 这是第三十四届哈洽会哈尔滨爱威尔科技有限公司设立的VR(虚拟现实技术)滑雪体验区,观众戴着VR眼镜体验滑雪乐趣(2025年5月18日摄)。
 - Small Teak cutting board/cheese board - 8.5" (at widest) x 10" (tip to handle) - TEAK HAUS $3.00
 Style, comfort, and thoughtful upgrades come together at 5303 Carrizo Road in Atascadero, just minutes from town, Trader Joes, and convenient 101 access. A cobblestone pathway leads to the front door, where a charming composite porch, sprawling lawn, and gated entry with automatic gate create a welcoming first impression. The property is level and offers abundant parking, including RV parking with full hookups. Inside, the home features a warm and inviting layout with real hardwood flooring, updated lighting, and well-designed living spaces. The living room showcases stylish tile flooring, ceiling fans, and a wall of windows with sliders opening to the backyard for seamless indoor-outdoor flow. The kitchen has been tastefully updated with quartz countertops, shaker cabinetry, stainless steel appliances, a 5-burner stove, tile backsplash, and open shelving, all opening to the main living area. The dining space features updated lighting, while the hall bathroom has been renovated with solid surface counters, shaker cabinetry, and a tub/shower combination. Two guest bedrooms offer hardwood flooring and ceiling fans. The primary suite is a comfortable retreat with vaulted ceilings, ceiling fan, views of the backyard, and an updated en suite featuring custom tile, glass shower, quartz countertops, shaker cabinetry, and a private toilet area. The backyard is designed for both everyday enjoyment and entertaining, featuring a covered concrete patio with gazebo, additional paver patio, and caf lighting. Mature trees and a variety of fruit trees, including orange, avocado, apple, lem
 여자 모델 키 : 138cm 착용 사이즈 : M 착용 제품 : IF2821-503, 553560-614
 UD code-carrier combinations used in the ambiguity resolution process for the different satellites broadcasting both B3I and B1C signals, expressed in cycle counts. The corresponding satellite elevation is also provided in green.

☆ ☆ ☆

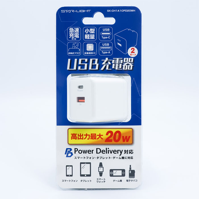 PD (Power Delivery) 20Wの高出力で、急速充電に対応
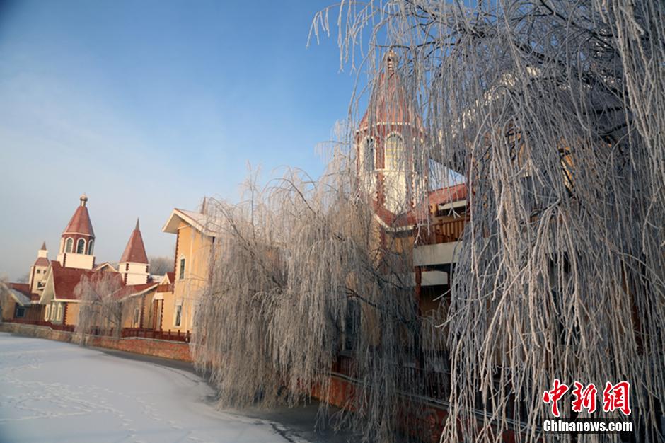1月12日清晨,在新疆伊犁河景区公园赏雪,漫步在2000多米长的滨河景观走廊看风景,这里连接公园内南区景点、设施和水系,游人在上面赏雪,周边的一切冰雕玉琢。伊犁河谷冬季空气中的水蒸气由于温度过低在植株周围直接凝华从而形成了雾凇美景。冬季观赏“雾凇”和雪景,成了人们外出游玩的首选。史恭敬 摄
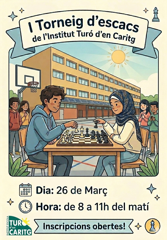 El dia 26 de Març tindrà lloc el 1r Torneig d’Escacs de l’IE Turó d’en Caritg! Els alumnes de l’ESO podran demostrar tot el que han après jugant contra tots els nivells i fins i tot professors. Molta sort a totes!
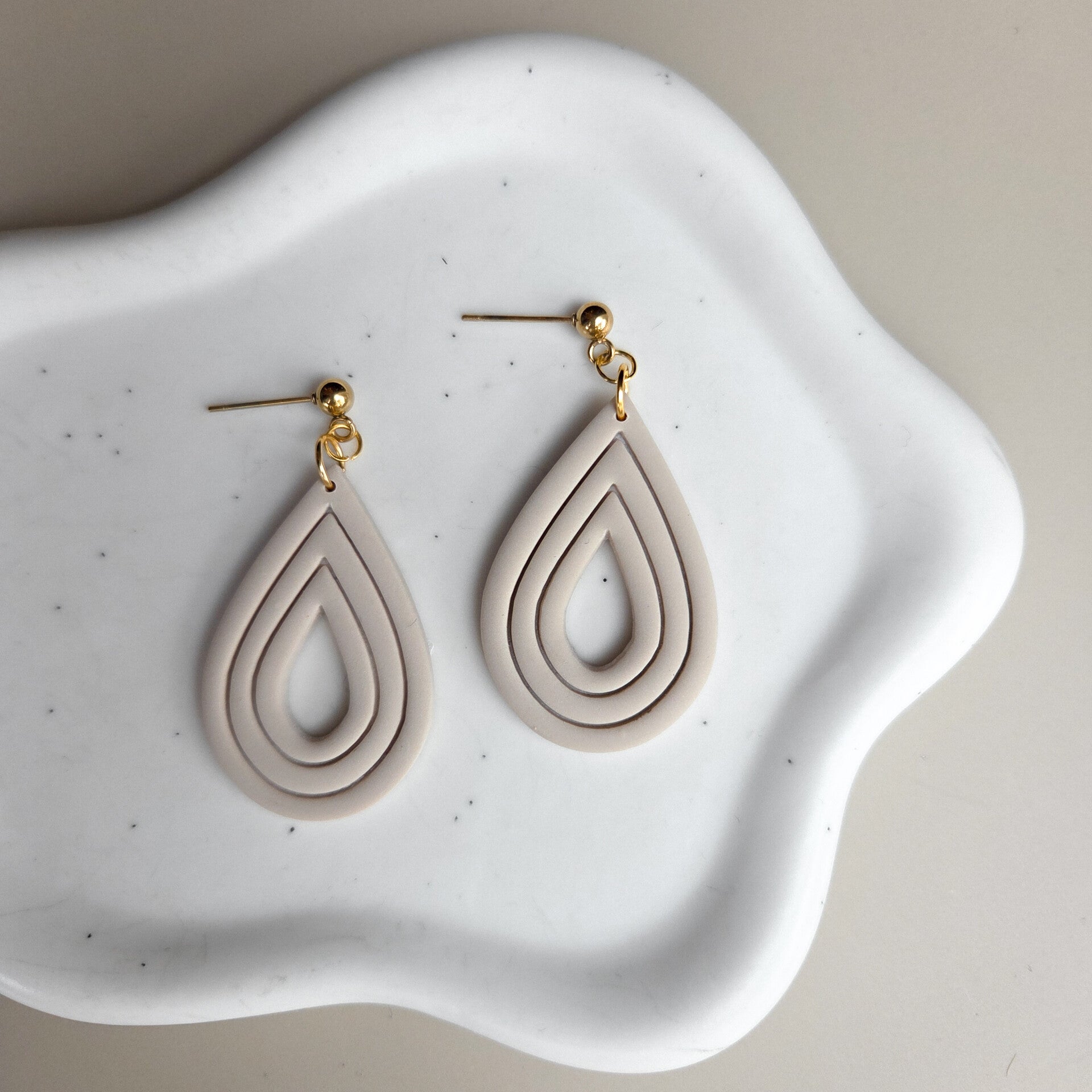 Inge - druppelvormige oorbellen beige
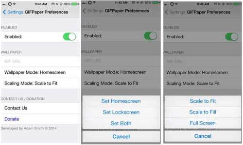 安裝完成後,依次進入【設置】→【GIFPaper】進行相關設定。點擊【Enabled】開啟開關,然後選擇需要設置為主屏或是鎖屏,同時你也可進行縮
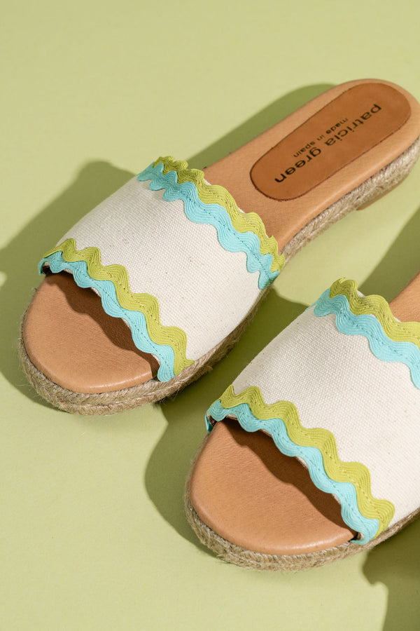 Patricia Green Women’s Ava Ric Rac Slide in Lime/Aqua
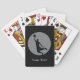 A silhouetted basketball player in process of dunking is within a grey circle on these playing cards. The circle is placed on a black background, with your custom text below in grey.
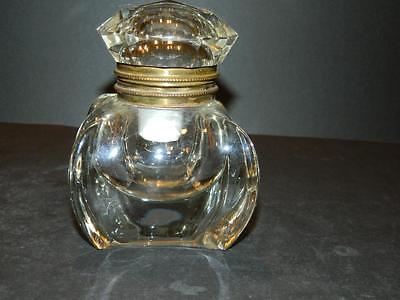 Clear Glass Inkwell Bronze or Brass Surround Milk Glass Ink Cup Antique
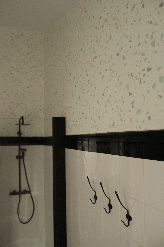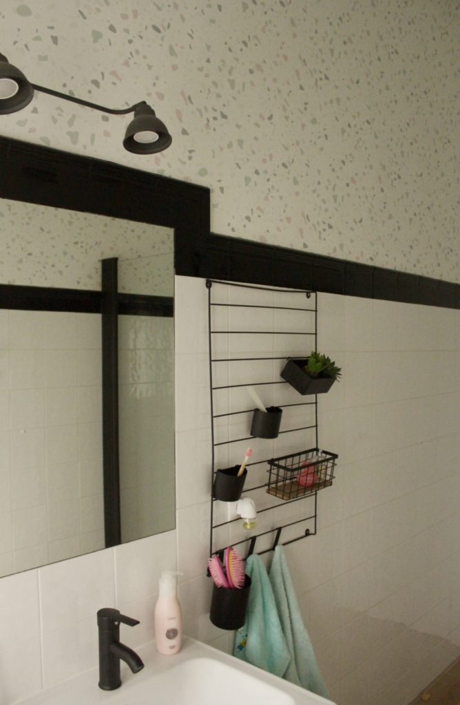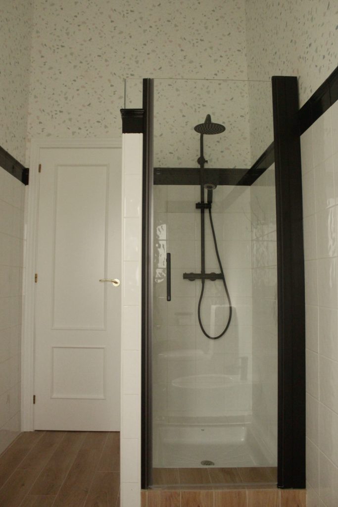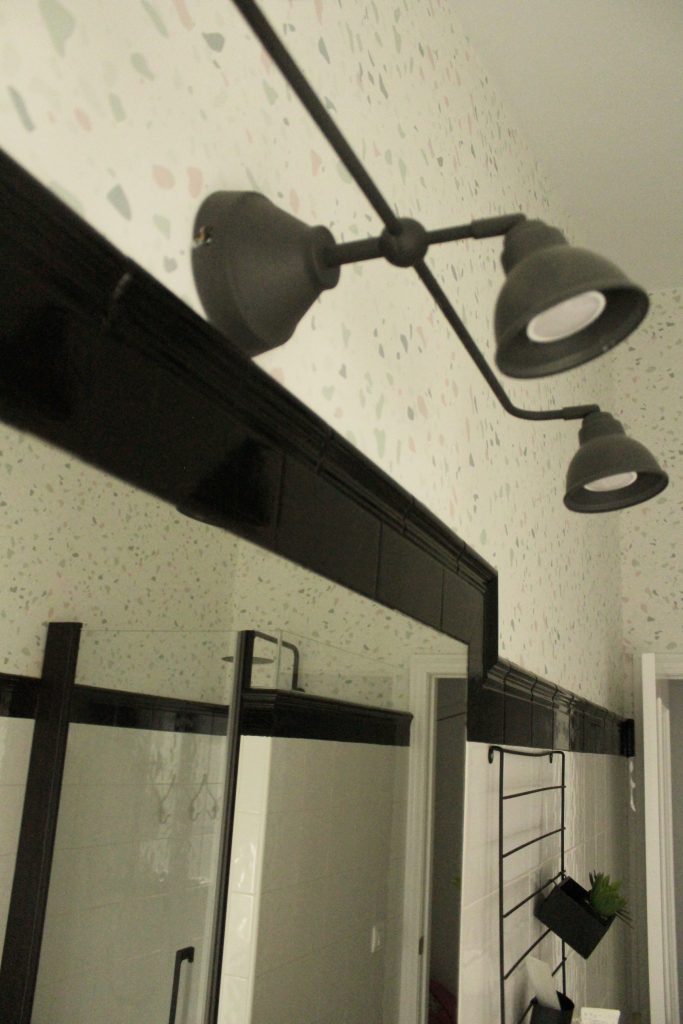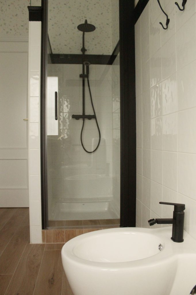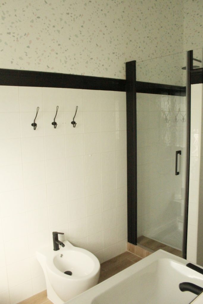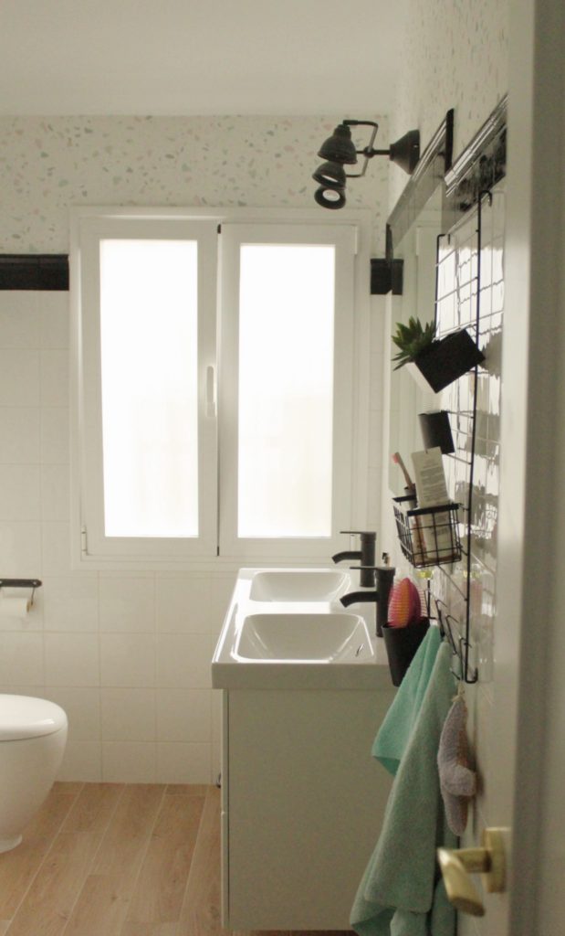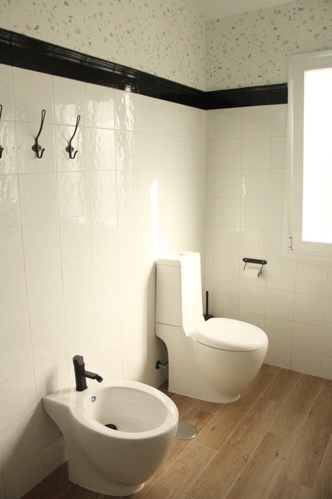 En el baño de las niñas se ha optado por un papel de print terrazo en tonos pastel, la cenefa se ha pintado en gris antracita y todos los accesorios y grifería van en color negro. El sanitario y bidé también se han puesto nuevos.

☆ ☆ ☆

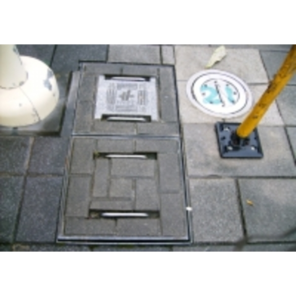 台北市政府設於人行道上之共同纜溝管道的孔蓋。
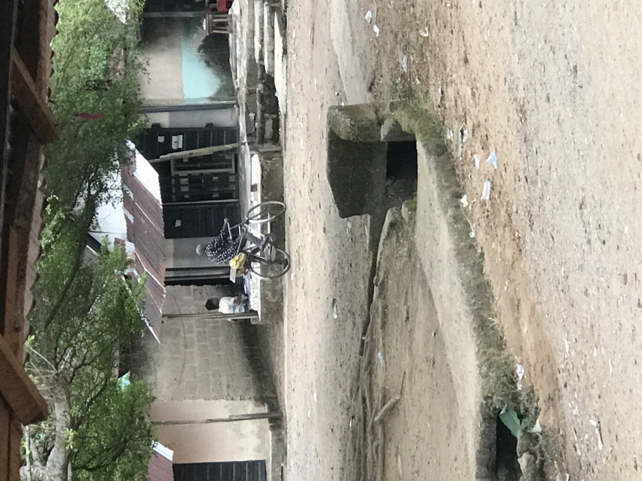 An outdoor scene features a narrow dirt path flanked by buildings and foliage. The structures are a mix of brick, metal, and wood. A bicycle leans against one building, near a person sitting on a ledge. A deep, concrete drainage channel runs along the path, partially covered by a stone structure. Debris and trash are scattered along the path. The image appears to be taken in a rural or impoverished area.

☆ ☆ ☆

# [BRIEF]
From the records above, output only the lines starting at the one containing "安裝完成後,依次進入【設置】" and ending at the one containing "En el baño de", word for word. Pictures stay out.

# [RESPONSE BELOW]
 安裝完成後,依次進入【設置】→【GIFPaper】進行相關設定。點擊【Enabled】開啟開關,然後選擇需要設置為主屏或是鎖屏,同時你也可進行縮
 Patricia Green Women’s Ava Ric Rac Slide in Lime/Aqua
 A silhouetted basketball player in process of dunking is within a grey circle on these playing cards. The circle is placed on a black background, with your custom text below in grey.
 Clear Glass Inkwell Bronze or Brass Surround Milk Glass Ink Cup Antique
 En el baño de las niñas se ha optado por un papel de print terrazo en tonos pastel, la cenefa se ha pintado en gris antracita y todos los accesorios y grifería van en color negro. El sanitario y bidé también se han puesto nuevos.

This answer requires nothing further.